Data items →
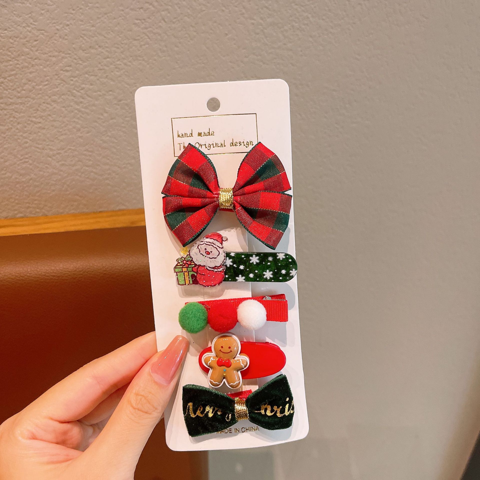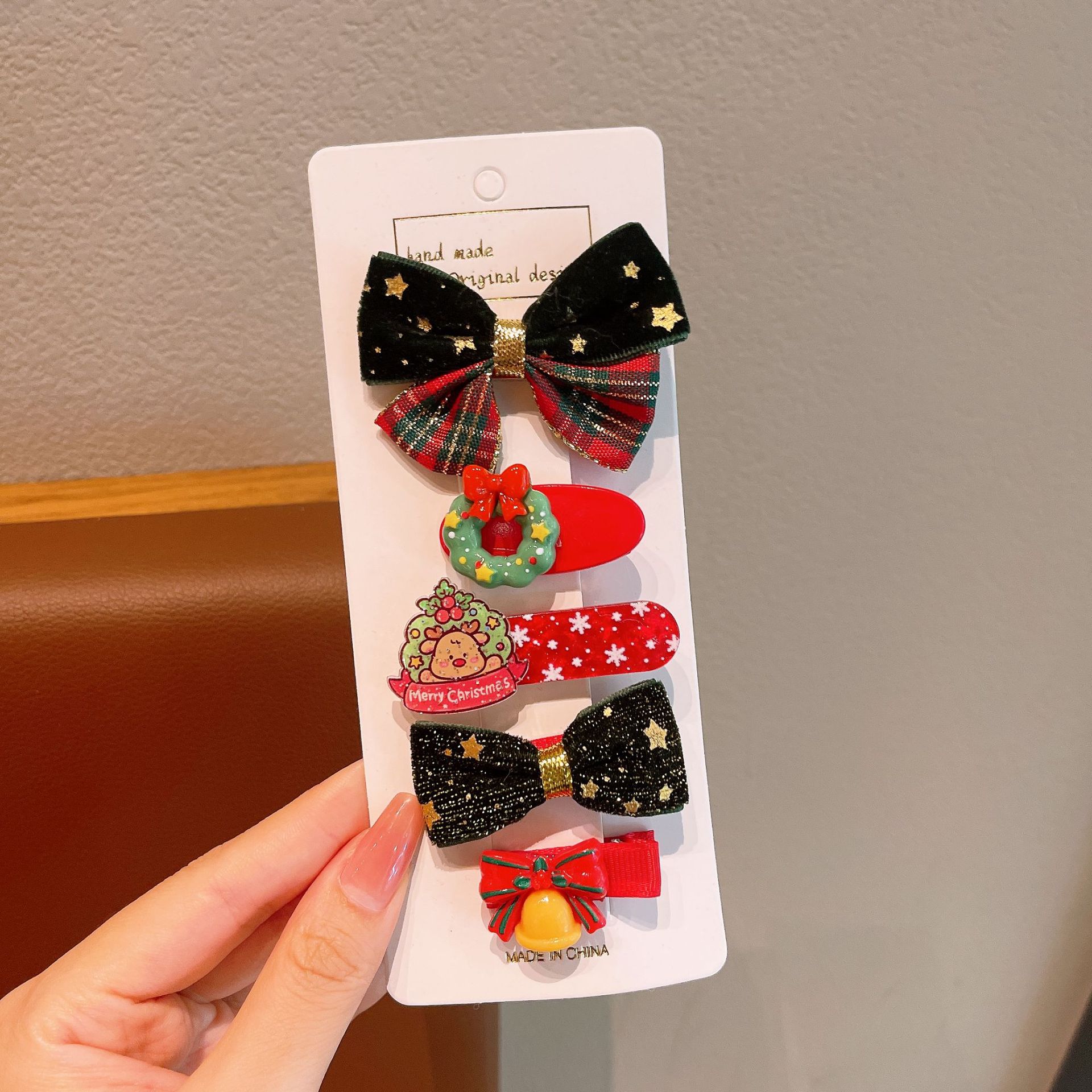 2024 새로운 어린이 크리스마스 헤어 액세서리 산타 크리스마스 트리 엘크 헤어핀 홀리데이 사이드 헤어핀 5 피스 세트
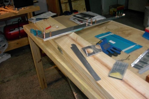 Made two rudder attach strips and a shim to attach the rudder brace. Trimmed the rudder brace to size using a cutting wheel and a Dremel tool. Worked much better than the band saw.
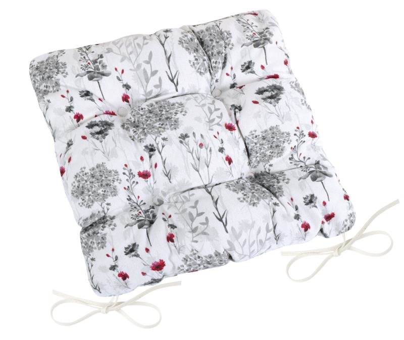 Sedák DITA prošívaný - šedé větvičky - šedá, červená, bílá - 40x40 cm, prošívaný
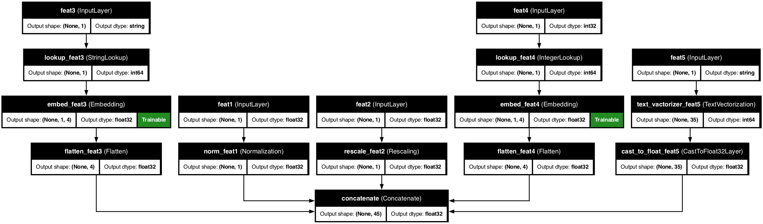 'feat5': <KerasTensor shape=(None, 1), dtype=string, sparse=None, name=feat5>
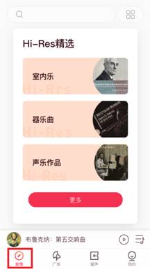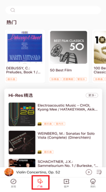 1)登录库客音乐APP后,进入发现页面或滑动至广场页面都可切换到Hi-Res模块,图1、图2;
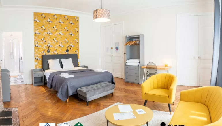 Toutes nos chambres font au moins 20 m2 (hors salle de bain), chacune a son parquet d'origine, une cheminée en marbre, un lit queen-size, et tous les accessoires que vous attendez d'un hébergement de qualité. La table d'hôtes vous est ouverte sur réservation. Notre Cheffe vous propose des menus équilibrés à partir de produits locaux et de saison.
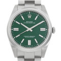 - 2020年発表、特大サイズ41mmの”オイスターパーペチュアル”です。デイトジャストよりもリーズナブルで、ダイアルコレクションが豊富に揃いバリエーション豊かなため、年代を問わず幅広い層に受け入れられています。完全自社製Cal.3230を搭載。パワーリザーブ約70時間。100m防水。
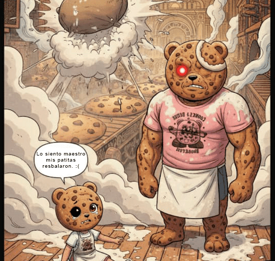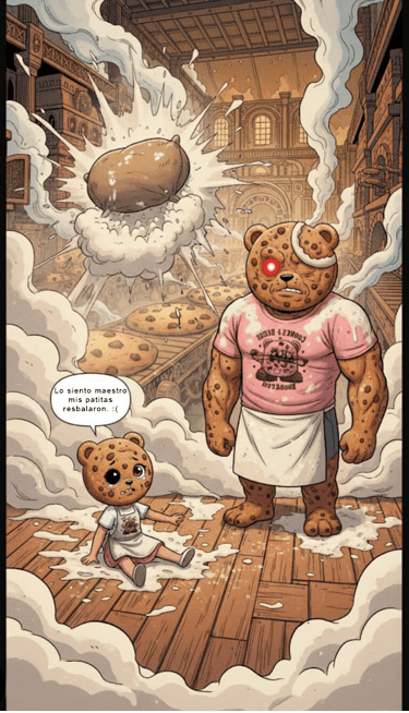 Miga, siempre dispuesta, corrió hacia el rincón. Pero la prisa es enemiga de la gracia. Sus pequeños pies de galleta se engancharon con el borde de una alfombra y el costal de harina salió disparado por los aires. El impacto fue seco y crujiente. El oso galletoso apenas tuvo tiempo de girar: la esquina del costal chocó contra su cabeza.

YOUR OBJECTIVE → Only the lines from the start of the records to the one containing "1)登录库客音乐APP后,进" should be repeated, exactly and with both ends kept; drop any pictures.

PROBLEM SOLUTION →
 2024 새로운 어린이 크리스마스 헤어 액세서리 산타 크리스마스 트리 엘크 헤어핀 홀리데이 사이드 헤어핀 5 피스 세트
 Made two rudder attach strips and a shim to attach the rudder brace. Trimmed the rudder brace to size using a cutting wheel and a Dremel tool. Worked much better than the band saw.
 Sedák DITA prošívaný - šedé větvičky - šedá, červená, bílá - 40x40 cm, prošívaný
 'feat5': <KerasTensor shape=(None, 1), dtype=string, sparse=None, name=feat5>
 1)登录库客音乐APP后,进入发现页面或滑动至广场页面都可切换到Hi-Res模块,图1、图2;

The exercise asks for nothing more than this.